Et puis les opérateurs ont baissé leurs subventions, voire les ont abandonnées. Concentrée sur le marché américain, la firme de Cupertino a peut-être tardé à réagir : l’arrivée de Free Mobile en France lui a ainsi coûté une demi-douzaine de points de parts de marché. La succession de l’iPhone 4s, de l’iPhone 5, et de l’iPhone 5s a pourtant montré que les nouveautés pouvaient s’affranchir du rythme imposé par les engagements. Mais le succès en demi-teinte de l’iPhone 5c a aussi montré les limites de la structure tarifaire de la gamme.

Entrent les programmes « de mise à jour » : ils permettent d’acquérir un iPhone sans avancer le moindre centime, et de le changer chaque année pour une somme modique. Proposés dans une douzaine de pays, ils offrent les mêmes avantages que les anciens contrats, sans l’inconvénient de l’engagement. Cette fluidité fait dire à Tim Cook que « les programmes “de mise à jour” commencent à ressembler à des abonnements »le programme lancé par Apple cette année n’est pas loin d’être une offre de location avec assurance incluse.

« Nous pensons que [ces programmes] réduiront la durée des cycles de renouvellement », affirme Tim Cook, en laissant entendre qu’Apple est prête à accompagner le mouvement, si ce n’est pas le renforcer. La campagne de promotion de l’iPhone 6s donne d’ailleurs le ton : rien ne semble avoir changé d’une année sur l’autre, mais tout a changé ou presque, en tout cas suffisamment pour justifier un renouvellement annuel.

À entendre un Tim Cook qui oublie soudainement ses préoccupations écologiques et morales, il n’y aurait aucune raison de se priver, puisque le prix global n’est plus un objet. Ces programmes « permettent de descendre à des prix [qu’Apple] ne pouvait atteindre seule », dit-il, « ce qui participera à la progression du chiffre d’affaires des services » par une plus grande utilisation de l’App Store et d’Apple Music. L’iPhone finit lui-même par devenir un service, une belle conclusion pour un appareil qui n’a jamais été rien d’autre qu’une feuille blanche sur laquelle dessiner des applications et concevoir des usages.

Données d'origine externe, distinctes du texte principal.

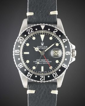 A RARE GENTLEMAN'S STAINLESS STEEL ROLEX OYSTER PERPETUAL GMT MASTER WRIST WATCHCIRCA 1967, REF. 1675 WITH MK1 "LONG E" MATT DIAL & SMALL ARROW HANDMovement: 26J, automatic chronometer, cal. 1570, signed Montres Rolex S.A., numbered.Case: Diameter approx. 40mm, Oyster case, signed Montres Rolex S.A., dated II.67, numbered, 24 hour rotating "all black" bezel, Rolex crown.Strap: Leather. CONDITION REPORTDial: Original dial in excellent condition.Movement: Working at present.Case: In good condition, with some small scratches & wear due to general use.Strap/Bracelet: In excellent condition.
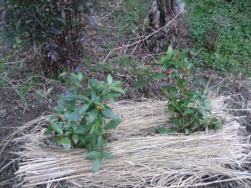 春ですねぇ。母が実家から赤い実と黄色い実のなる千両を掘ってきて我家の畑に植えてくれた。私がポーっと眺めている間に耕し、植え込み、水をやり、藁をかぶせる。80過ぎとは思えない手際のよさ!さすが!お見事私からはなかなか会いに行けなくなってから父と母は前より頻繁に我家に来てくれるようになった。30分も腰を落ち着ける事は無い二人だけれどまた、顔を見せに来てね。
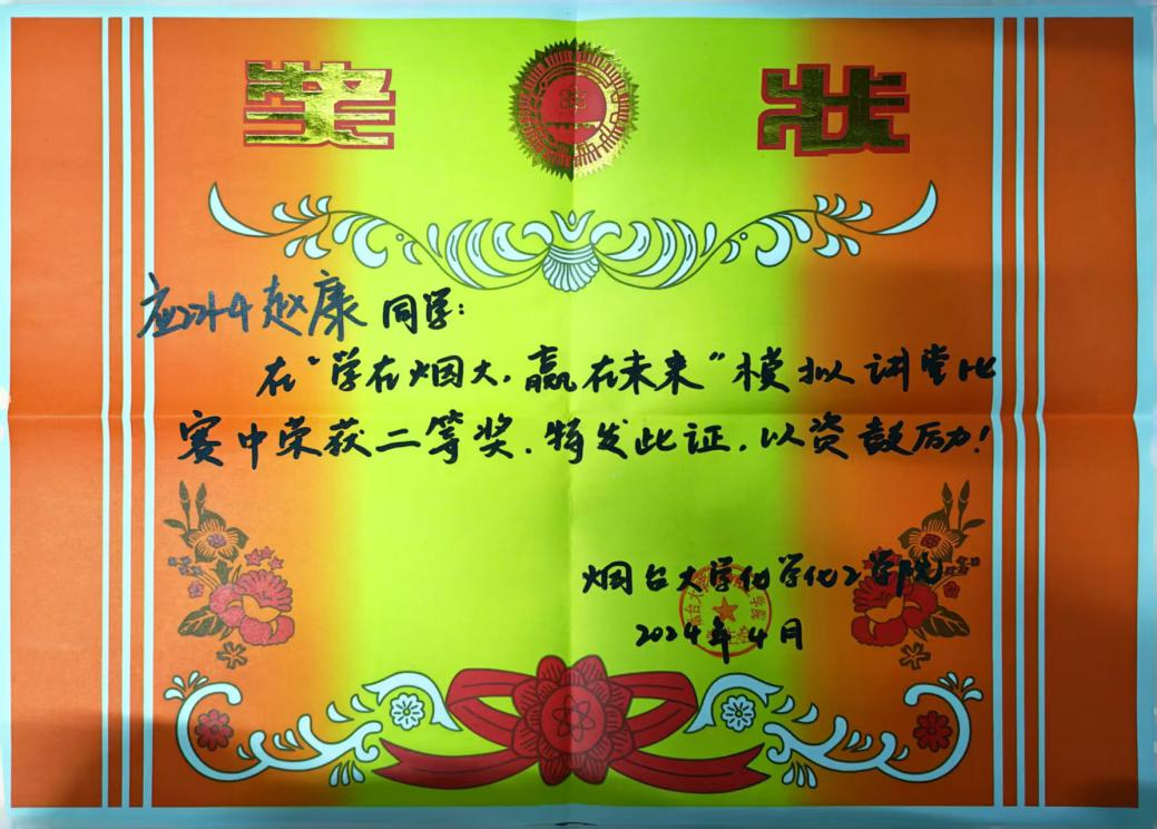 赵康,中共预备党员,化学化工学院应221-4班学生。学业成绩连续两学年专业第一、综测第二,身兼团支部书记、禁毒猎冰队队长等职。她斩获汉高奖学金、省化学实验大赛一等奖等多项荣誉,大一进实验室并以第二作者申发明专利,还带队开展近10次禁毒宣讲志愿活动。
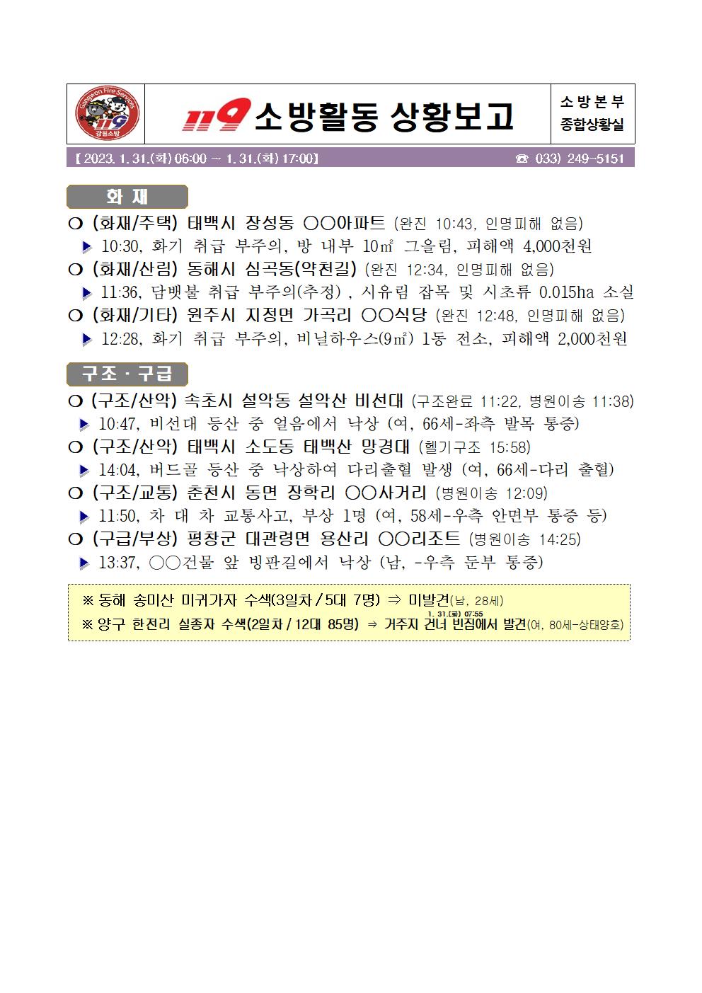 119 소방활동 상황보고(1. 31. 화) 17:00

Reste que pour le moment, ces programmes « de mise à jour » ne représentent qu’« un tout petit pourcentage des ventes », de l’aveu du directeur financier d’Apple. Mais Tim Cook prévient : leur effet commencera à se faire sentir dans le courant de l’année prochaine, et Apple ne compte pas manquer le tournant cette fois. Voilà qui pourrait changer la manière dont l’iPhone évolue dans les prochaines années.